O trabalho de arte está, também, subordinado às necessidades de comunicação” (p. 70).
“As regras nessas épocas, não são obedecidas pelo desgosto da liberdade, que segundo
algumas pessoas é a condição básica do poeta. A regra não é a obediência, que nada
justifica, as maneiras de fazer defuntas, pelo gosto do anacronismo, ou as maneiras de
fazer arbitrárias, pelo gosto do malabarismo. A regra é então profundamente funcional e
visa a assegurar a existência de condições sem as quais o poema não poderia cumprir sua
utilidade. Para o poeta ela não é jamais uma mutilação mas uma identificação. Porque o
verdadeiro sentido da regra não é o de cilício para o poeta. O verdadeiro sentido da regra
está em que nela se encorpa a necessidade da época” (p. 70).
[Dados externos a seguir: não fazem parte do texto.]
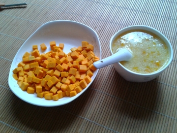 做法:南瓜去皮切块,小米洗净后用水浸泡20分钟;准备半瓶开水,倒入电饭锅中,下小米煮30分钟;煮小米时,用搅拌机将南瓜打成泥(省略也行)。30分钟后,加入南瓜同煮,继续煮15分钟即可,中间要时时搅一搅,避免粘锅。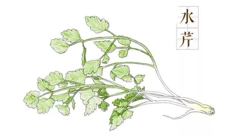 水芹古即称芹,在我国栽培历史悠久,是一种古老的健康蔬菜?!堵朗洗呵铩芳窃兀坛魈姥试紫嘁烈煜掠心男┟牢叮烈诨卮鹬刑岬健安酥勒?,云梦之芹”。云梦属于楚国旧地,而水芹“性冷滑如葵”,故又名“楚葵”。《诗经·鲁颂·泮水》云“思乐泮水,薄采其芹”、《诗经?采菽》有“觱沸槛泉,言采其芹”。可知在诗经时代,水芹即为常见的蔬菜。水芹也用以祭祀,《周礼?天官?醯人》所述:“加豆之实,芹菹免醯?!薄扒圯稀奔措缰频乃?。水芹也是一般老百姓家的常用蔬菜,如唐?白居易《过李生》“须臾进野饭,饭稻茹芹英?!薄斗庞恪吩疲骸皶匀仗嶂窭?,家僮買春蔬。青青芹蕨下,疊臥雙白魚?!?如唐?许浑《沧浪峡》:“红虾青鲫紫芹脆,归去不辞来路长?!被褂兴臻缎鲁堑乐小罚骸拔麽萌思矣ψ罾?,煮芹烧笋饷春耕?!闭獗闶撬鄣募页T现?,是居家的生计,有滋有味。而描写水芹菜最优美的,是诗人徐志摩的一篇散文:“水芹菜的全身都充满了一种特异的芳香,在小池塘抑或是小河旁,那一丛丛矮小的植株却有着诱人的景色,伞形细碎的白花,中空有棱的嫩茎……”看着看着,就让人心儿若蝴蝶般翩翩起来,仿佛飞到了那一片散发着奇特芳香的水芹身边。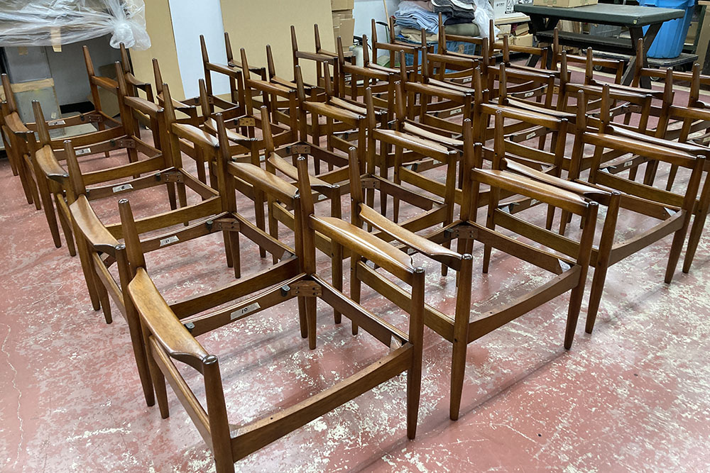 マルニ木工は修理専門の工場があります。ホテルやレストランなどの商業空間をはじめ、学校や図書館などの教育施設、オフィス、劇場などの家具のリフォームもお受けすることができます。ホテルやレストランなど、営業を止めたくないというお客様のご要望に合わせ、10脚ごとなどローテーションでの修理も可能です。 移動が難しい家具の場合には現場での修理、営業時間後の深夜作業などもご相談ください。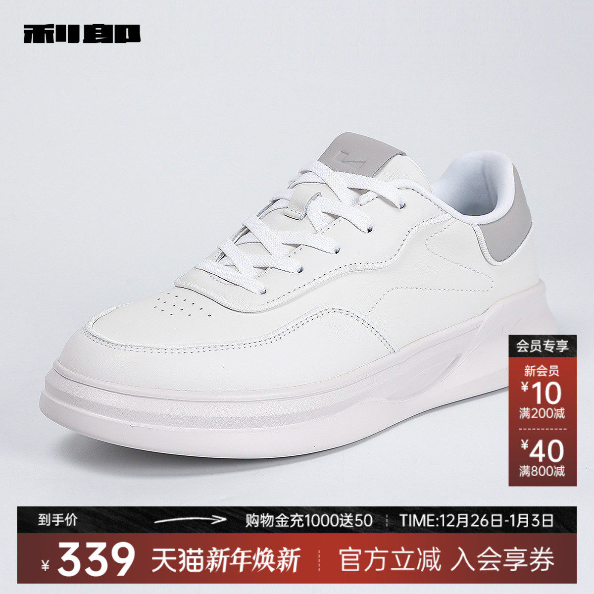 利郎奥莱头层牛皮休闲板鞋小白鞋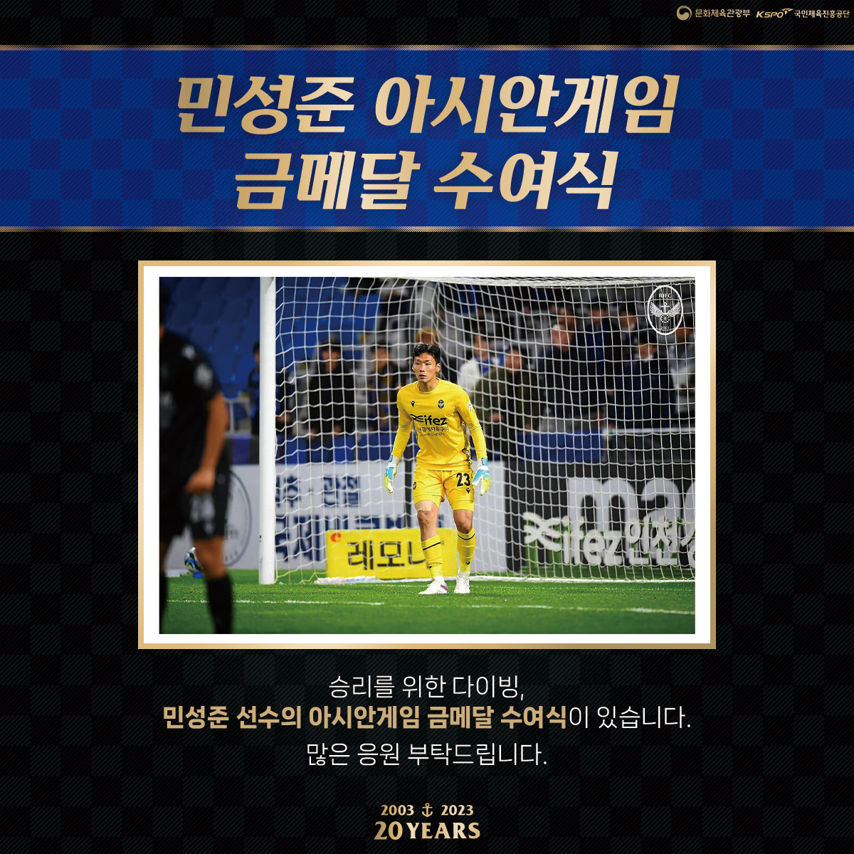 승리를위한 다이빙 GK 민성준 선수의 아시안게임 금메달 수여식이 선수단 입장 후 진행됩니다. 인천 소속 3번째 아시안게임 금메달리스트 민성준 선수에게 많은 응원 부탁드립니다.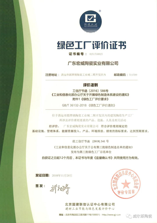 6月12日,威爾斯陶瓷生產(chǎn)基地廣東宏威陶瓷實(shí)業(yè)有限公司順利通過清潔生產(chǎn)審核驗(yàn)收。威爾斯陶瓷在提高節(jié)能環(huán)保效益、減少能源消耗方面的努力和工作成效獲得了政府部門的肯定。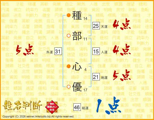 種部心優さんの天運は25画の4点!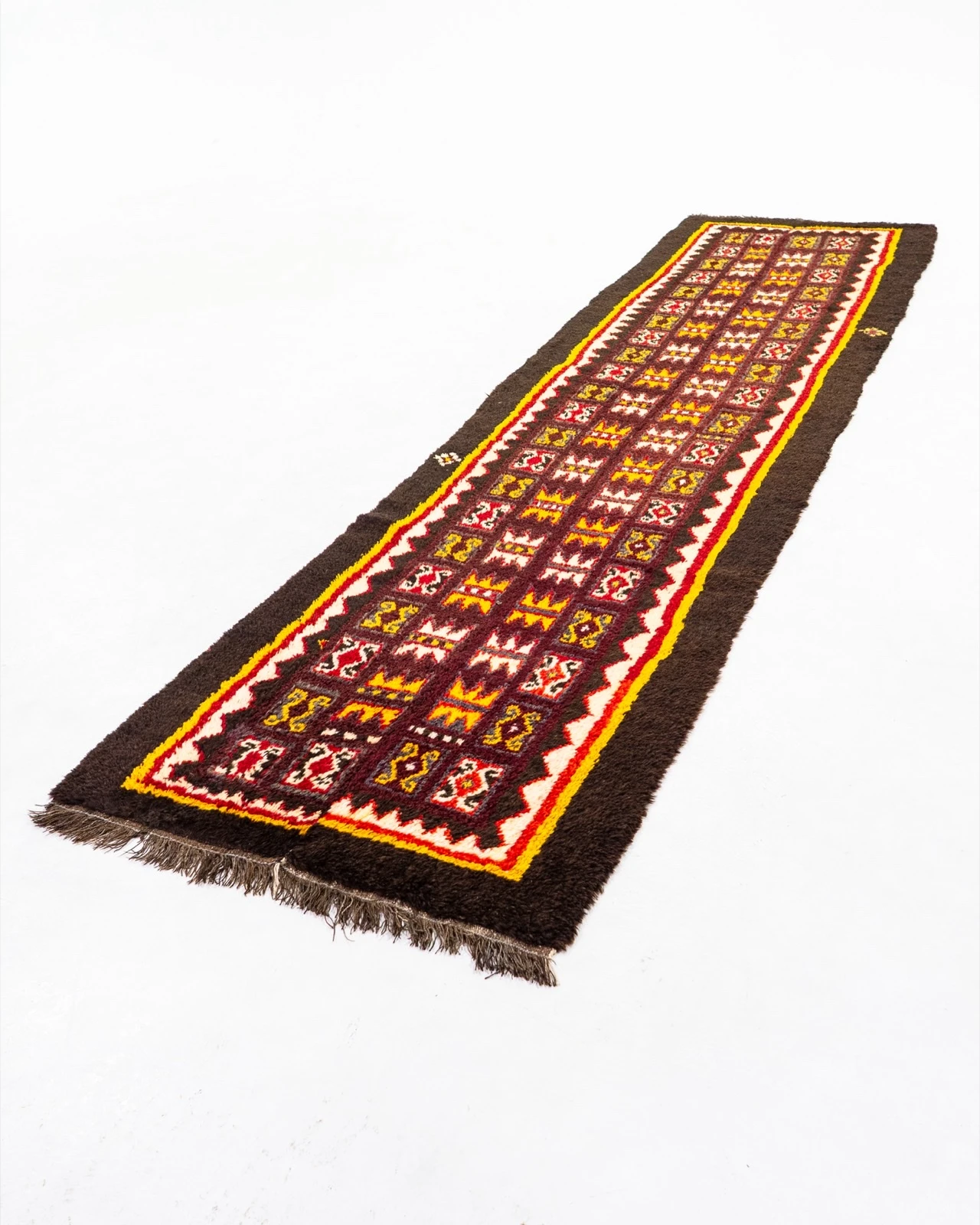 Tejido estrecho ideal para pasillos o entradas, elaborado con técnicas tradicionales de tejido plano.

Benedito: como João Cabral tenta resolver esse problema colocado pela poesia moderna
– na medida em que ela ganha em conquistas formais, afasta-se da comunicabilidade com
o público:
“Por oposição a esse poema, que traiu Anfion, deixando-o distante da ‘nuvem civil
sonhada’, às portas da cidade onde não pôde entrar; por oposição a esse poema é que João
Cabral, numa atitude contrária ao envolvimento da expressão, que levou a tal produto
fechado e híbrido da poesia contemporânea, passa a considerar nas formas tradicionais
‘sua possível função social de comunicação’. O poeta, que não renuncia ao espírito de
pesquisa formal dominante, desvia porém as fundamentais conquistas técnicas que desse
espírito derivam, da forma típica representativa da estrutura da lírica moderna, - na qual
o dilaceramento e a clausura da linguagem poética atingiram o mais alto grau, - para
formas e gêneros relegados ao abandono, insuficientemente aproveitados, e mais
compatíveis com os meios de comunicação da sociedade de massa. Submetidos a uma
intencionalidade diferente da que lhes deu origem histórica, essas formas de verso e de
estrofe se integrarão como formas parciais, às estruturas gerais da lógica da composição,
passando a constituir, do mesmo modo que certos gêneros – a parábola e a sátira – partes
de um sistema poético aberto, que aproxima mais do que separa a prosa da poesia (p.
156).

João Cabral sobre Miró:


“Seria possível outra forma de composição? Seria possível devolver à superfície aquele
sentido antigo que seu aprofundamento numa terceira dimensão destruiu completamente?
A pintura de Miró me parece responder afirmativamente a esta pergunta. Ela me parece,
analisada objetivamente em seus resultados e em seu desenvolvimento, obedecer ao
desejo obscuro de fazer voltar à superfície seu antigo papel: o de ser receptáculo do
dinâmico. Ela me parece uma tendência para libertar o ritmo do equilíbrio que o
aprisiona e que aprisiona toda a pintura criada com o Renascimento. [...] a história de sua
luta [de Miró] contra o estático e, assegurada sua vitória sobre este, a maneira como se
entregou às possibilidades de um ritmo livre de qualquer limitação” (Prosa, p. 11-12).
O caminho de Miró é da tridimensionalidade para a superfície: “Miró, colocado diante da
superfície, começou a fazer, em sentido inverso, o caminho que a superfície havia
percorrido até que pudesse conter aquela terceira dimensão imaginária” (Prosa, p. 12).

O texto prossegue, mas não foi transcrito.